Before going to sleep last night, I thought about these questions.  But instead of simply thinking about them, I thought about myself.  After all, I am as intrigued with childhood and the fool as they were.  But was I fascinated for the same reasons?

In thinking about this, I turned to a blog entry I wrote earlier this week entitled “Damaged Childhood: Fools, Self-Destruction, and Reclaming Youth,” There, I pointed out how Walter Benjamin, in his essay of Fyodor Dostoevsky’s The Idiot, argued that Dostoevsky’s book was a response to the “failure of the youth movement” and a “damaged childhood.”

I noted how Benjamin goes on to claim, after writing on failure, that a “return to childhood” – a return to “childlike simplicity” – promises “unlimited healing powers.”  But then it hit me: if the youth movement already failed, and if the purpose of that youth movement was to “return to childhood,” why was he insisting that we try again?

At this point, I realized that Benjamin (and Dostoevsky, as Benjamin reads him) were involved in what Freud would call a “repetition compulsion.”  According to Freud, in his book Beyond the Pleasure Principle, the repetition compulsion is a response to trauma, that is, a response to a damaged childhood.  Benjamin is repeating the failure to return to childhood by insisting on doing it again.

Although he believes that this must be done, because a return to “childlike simplicity” has “unlimited” healing powers, he also admits, in the same essay, that it is desperate and pathetic.  We see this, Benjamin says, in the novel’s characters.

The Idiot, in effect, is not simply the illustration of a desire to return to childhood; it is a displacement of failure.

Its astonishing how Benjamin’s writing on children, in many ways, parallels that of Dostoevsky’s The Idiot.  It seems that, in the face of this political, secular messianist failure of the “youth movement,” Benjamin, in his own work, displaced his failure and turned to the micro-worlds of children.  In these worlds we see a “childlike simplicity.” We see micro-worlds that exist within the world of adults.  This retreat into micro-worlds may not only be seen as a response to a “damaged childhood” but it can also be seen as a response to a failed (or incomplete) political project whose goal is to “return to childhood.”

We see much evidence of this in Benjamin’s book One Way Street.    Even though Benjamin does address the political on and off throughout the piece (this is the part that many Benjamin scholars and Theodor Adorno focus on, in fact) he has an entire section on children.   It consists of several aphorisms.  The subtitles of each are the following: Child Reading, Belated Child, Pilfering Child, Child on Carousel, Untidy Child, and Child Hiding.

I would love to discuss all of them over the span of several blog entries.  For now, I just want to note a one (preliminary) thing and relate it to my own personal interest in the schlemiel and childhood.

Since I am a lover and practitioner of literary interpretation and exegesis, the first thing I did when I glanced over this section was to notice and think about the first and last entries.  The first entry is entitled “Child Reading” while the last one is entitled “Child Hiding.”
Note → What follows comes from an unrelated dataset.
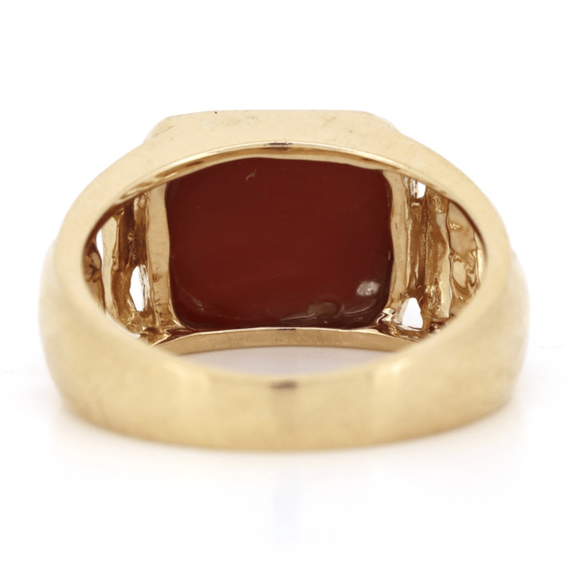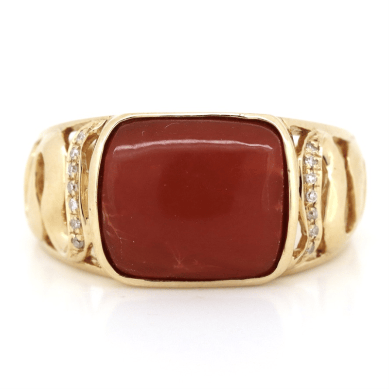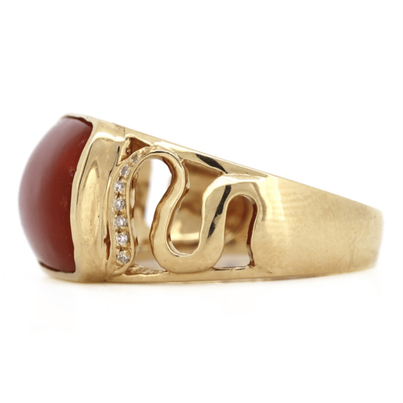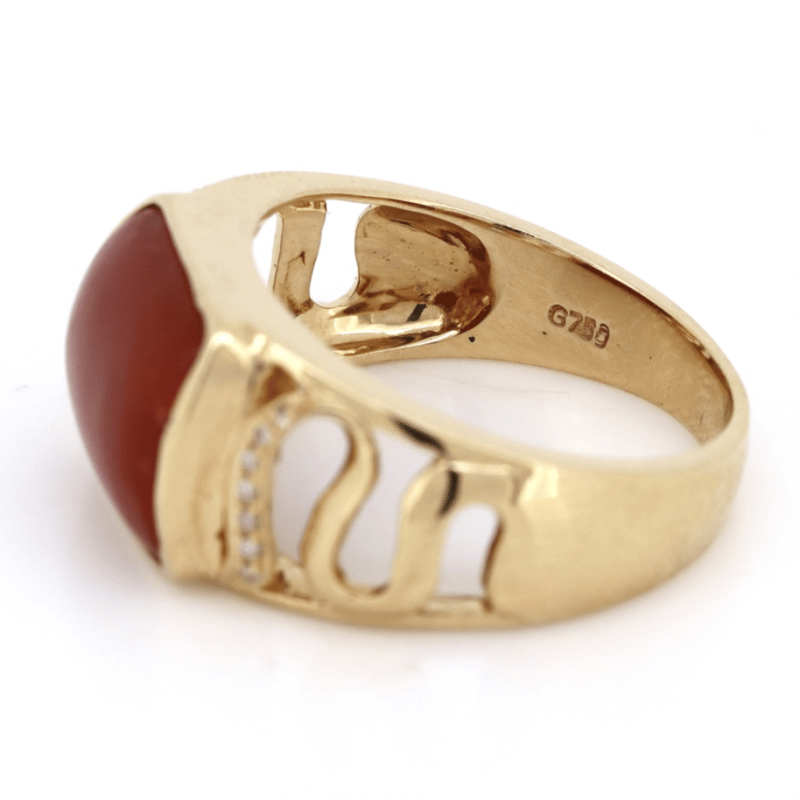 18K ROSE GOLD, CARNELIAN AND DIAMOND, SWIRL BAND RING.

This, for me, states something meaningful about Benjamin and his response to a “damaged childhood.”  His reading, the reading of a child, is a way of hiding in a micro-world.  And, as Benjamin says at the end of that section, he is hiding from a “demon” and the places he finds to hide in are “magical.”  Reading, exploring space, and constructing micro-worlds (hiding places), are his “magical” way of avoiding terror (“the demon”).  To be sure, the entire section on childhood is prefaced by a line which gives us a clue of this response to trauma: “To be happy is to be able to become aware of oneself without fright.”
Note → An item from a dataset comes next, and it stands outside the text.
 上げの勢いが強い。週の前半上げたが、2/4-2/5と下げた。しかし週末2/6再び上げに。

Indeed, Benjamin’s self-awareness, his awareness of his, so to speak, childhood demon, is terrifying.  But Benjamin, like the child, has found a reading strategy, a way of hiding that enables him, like a child, to becomes “happy” without fright.  Seeing himself as this child, the child in the text that he writes of, he finds a way to address trauma.   In his reading spaces he is hidden and sheltered from trauma.  To be sure, he seems to be alluding to this throughout his section on childhood.

To be sure, Benjamin, like a child, is more intrigued with his hiding spaces, his mirco-worlds, than with the world.  He goes to these places out of terror.  A schlemiel does this as well.  A man-child dwells and travels through spaces within the world, spaces that are unfamiliar to the world and its preoccupations.  Ultimately, these journeys through space that the schlemiel-slash-man-child takes are responses to something hidden, something he can’t understand.  The schlemiel, in his “childlike simplicity” just moves on.  He doesn’t notice the disaster, perhaps, because it would destroy him.

Growing up with a father who had a wild imagination, loved politics, liked to travel, tell stories, and often confused dreams and reality, I often felt like Sancho Panza following Don Quixote through space and time.  I inherited my father’s response to his own trauma, which, as I learned, is to find and create micro-worlds where one can hide.  The key, however, to such childish games is to know not simply how to read but how to tell stories.

Growing up, I felt that I had to listen to and interpret these stories. Each story, as it were, was what I would call a “traumatic imperative.”  But these stories were not simply told.   They were written over various spaces, people, and time.  My father’s micro-worlds were not in a book; they were found in this or that pocket of reality.  My (as Benjamin might say) “self-awareness” was caught up in these spaces.

When dream and reality overlap, reality becomes a book.  It comes to life.  However, its meaning, because it is confused, is unclear and, as Benjamin knew and my father always reminded me, terror seems to be waiting around each corner.  Like Benjamin, my father taught me that if you are to return to childhood, if you are going to live out your schlemiel-hood through time and space, you must know how to play hide and seek.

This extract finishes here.